On-demand Metadata

With the on-demand metadata feature, the Impala coordinators pull metadata as needed from catalogd and cache it locally. The cached metadata gets evicted automatically under memory pressure.

The granularity of on-demand metadata fetches is at the partition level between the coordinator and catalogd. Common use cases like add/drop partitions do not trigger unnecessary serialization/deserialization of large metadata.

The feature can be used in either of the following modes.
Metadata on-demand mode
In this mode, all coordinators use the metadata on-demand.
Set the following on catalogd:
--catalog_topic_mode=minimal
Set the following on all impalad coordinators:
--use_local_catalog=true
Mixed mode
In this mode, only some coordinators are enabled to use the metadata on-demand.
We recommend that you use the mixed mode only for testing local catalog’s impact on heap usage.
Set the following on catalogd:
--catalog_topic_mode=mixed
Set the following on impalad coordinators with metdadata on-demand:
--use_local_catalog=true 
Limitation:

HDFS caching is not supported in On-demand metadata mode coordinators.

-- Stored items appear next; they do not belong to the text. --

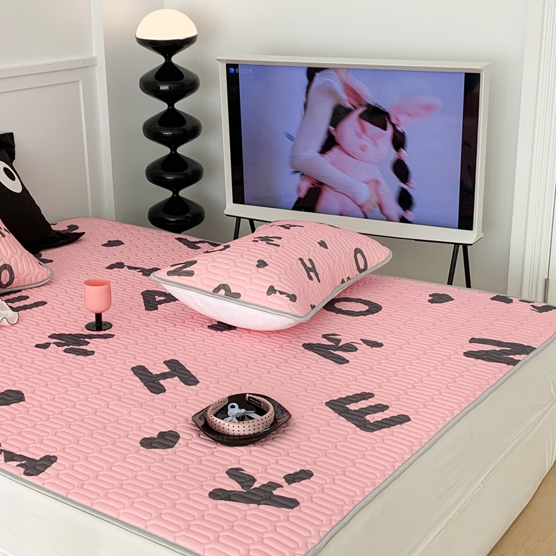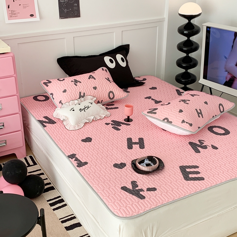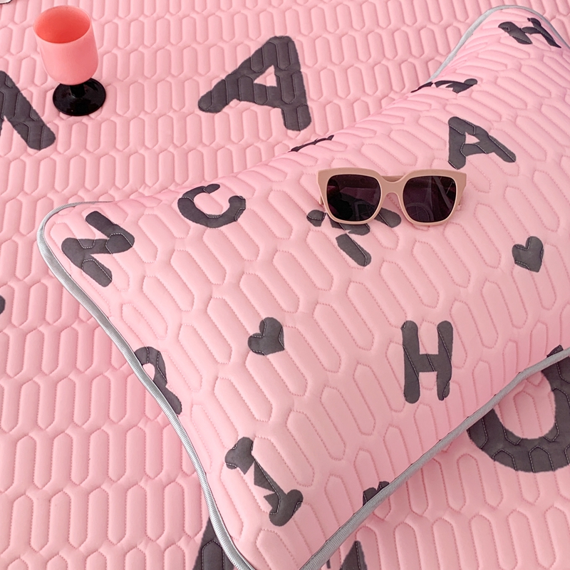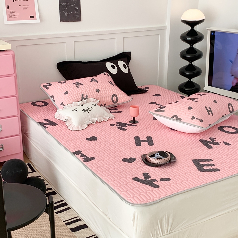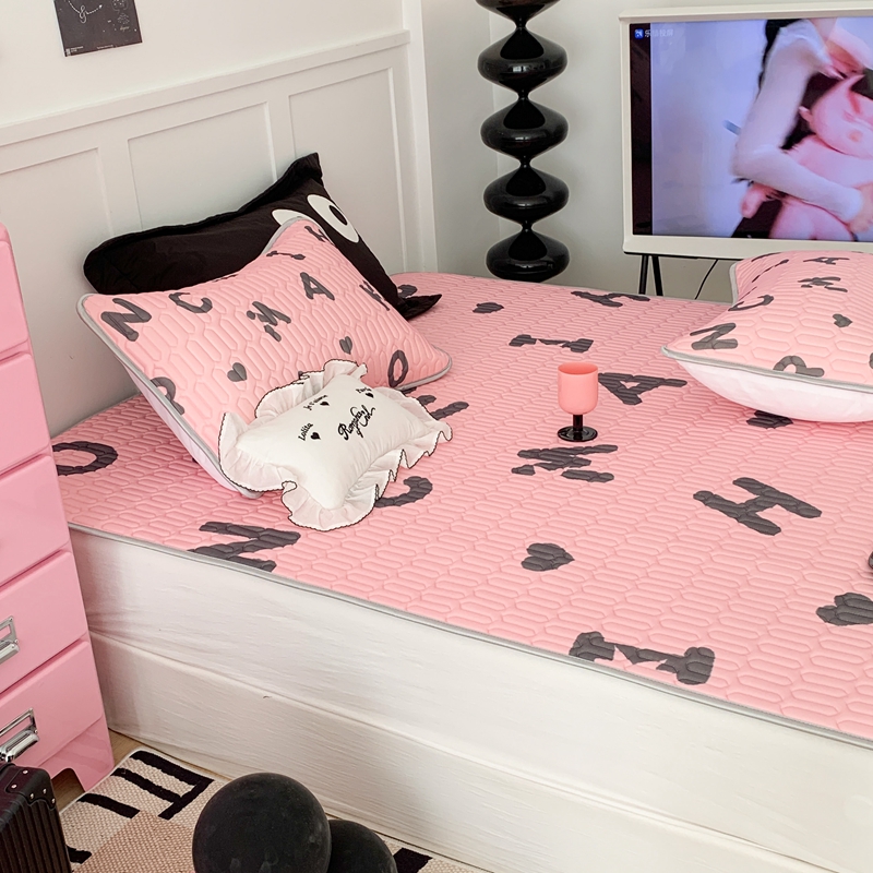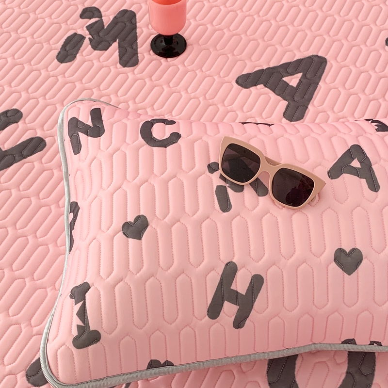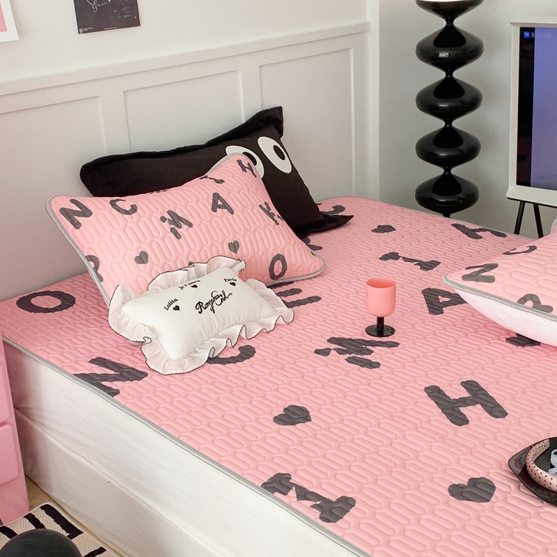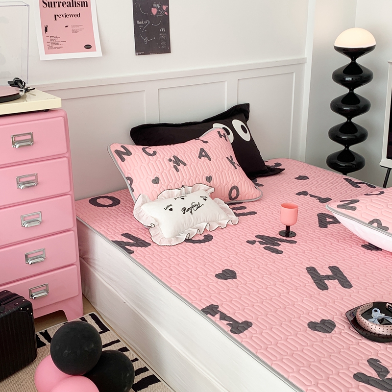 昔可家纺2023新款甜酷黑粉系列乳胶凉席 黑粉字母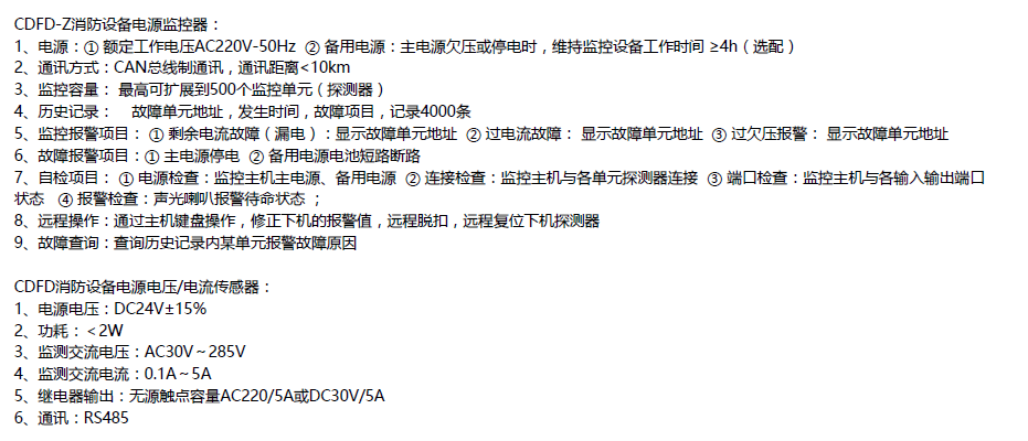 CDFD1 series fire equipment power monitoring system consists of CDFD series voltage/current sensor (hereinafter referred to as sensor) and CDFD-Z fire equipment power status monitor (hereinafter referred to as monitor). CDFD series voltage/current sensor is used for real-time detection of fire equipment power supply, and used to motor the working status of fire equipment power supply, and to detect any fault of fire equipment power supply such as interruption, overvoltage, undervoltage, overcurrent, phase loss, and short circuit in real time through data analysis. When a fault occurs, the location, type and time of the fault can be quickly displayed and recorded on the monitor, and an audible and visual alarm signal can be issued to effectively avoid the phenomenon that the fire cannot be effectively controlled and is spread due to the failure of the fire equipment in case of a fire.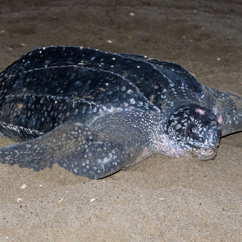 The leatherback turtle (Lat. Dermochelys coriacea) is mainly in search of food in the Mediterranean. However, the leatherback turtle does not lay eggs in the Mediterranean.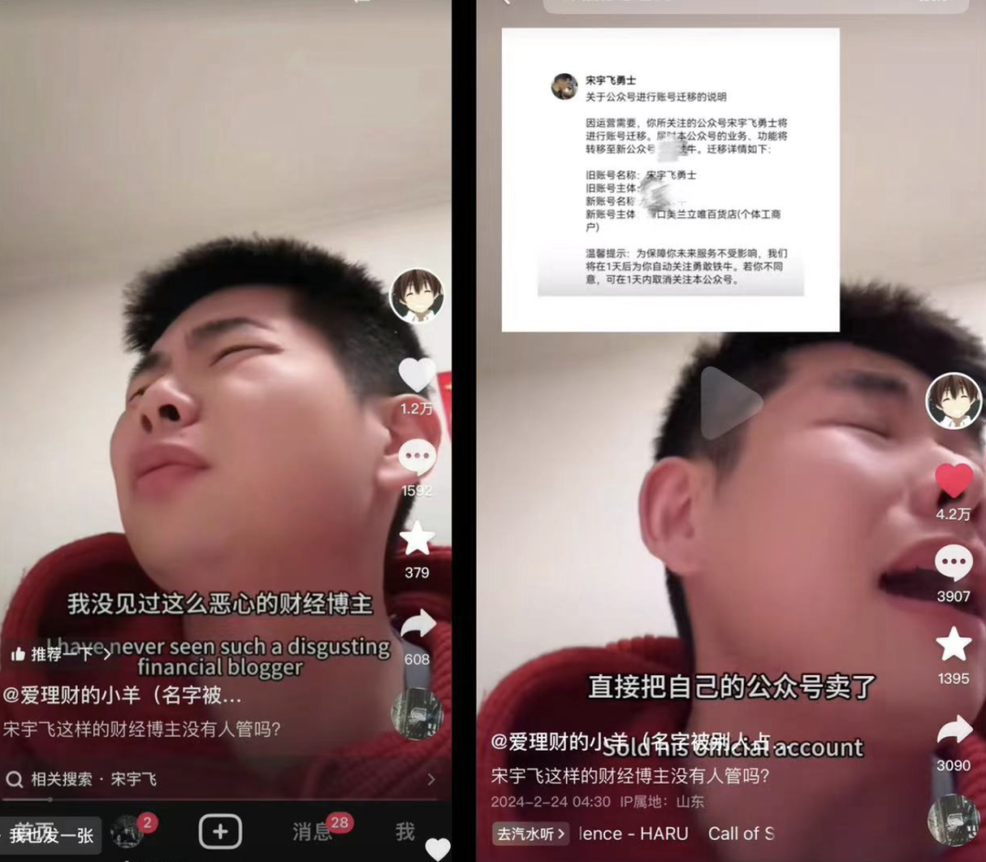 连日来百万粉丝抖音博主“爱理财的小羊”,在账号内发布多条视频,炮轰财经博主“宋宇飞”把公众号卖给杀猪盘,割粉丝韭菜。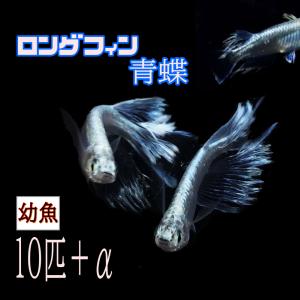 メダカ ヒレ長ロングフィン青蝶 幼魚 10匹+α 改良めだか 長くきれいな鰭
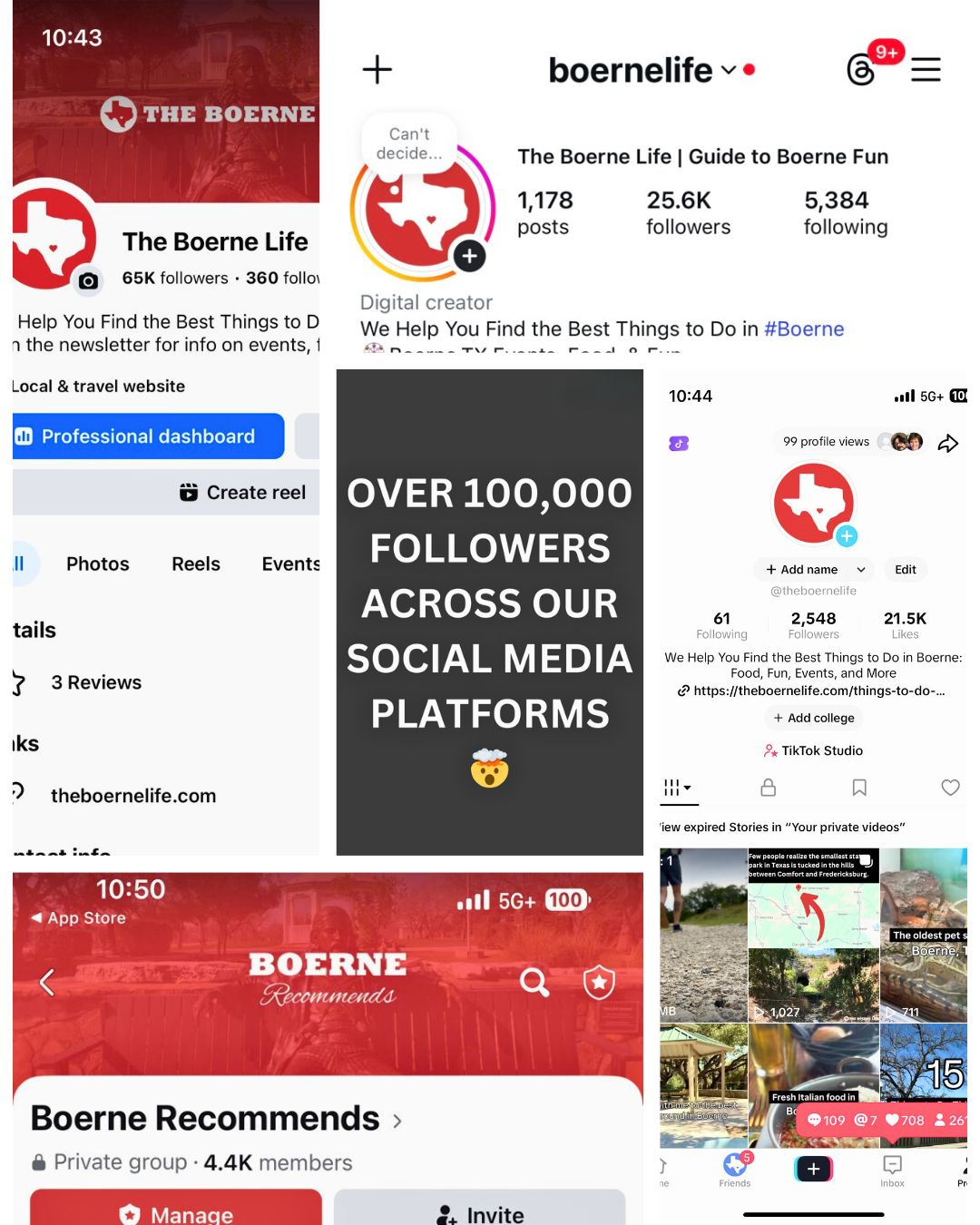 We just passed 100,000 followers across all of our Boerne social media platforms. So thankful for everyone who has followed along and made this venture such a success!

INVALIDATE METADATA Usage Notes:

Through "automatic invalidation" or "HMS event polling" support, Impala automatically picks up most changes in metadata from the underlying systems. However there are some scenarios where you might need to run INVALIDATE METADATA or REFRESH.
  • when HMS event polling does not detect changes,
  • if you override manually to disable "HMS event polling",
  • for the list of other cases when a Global INVALIDATE METADATA is recommended.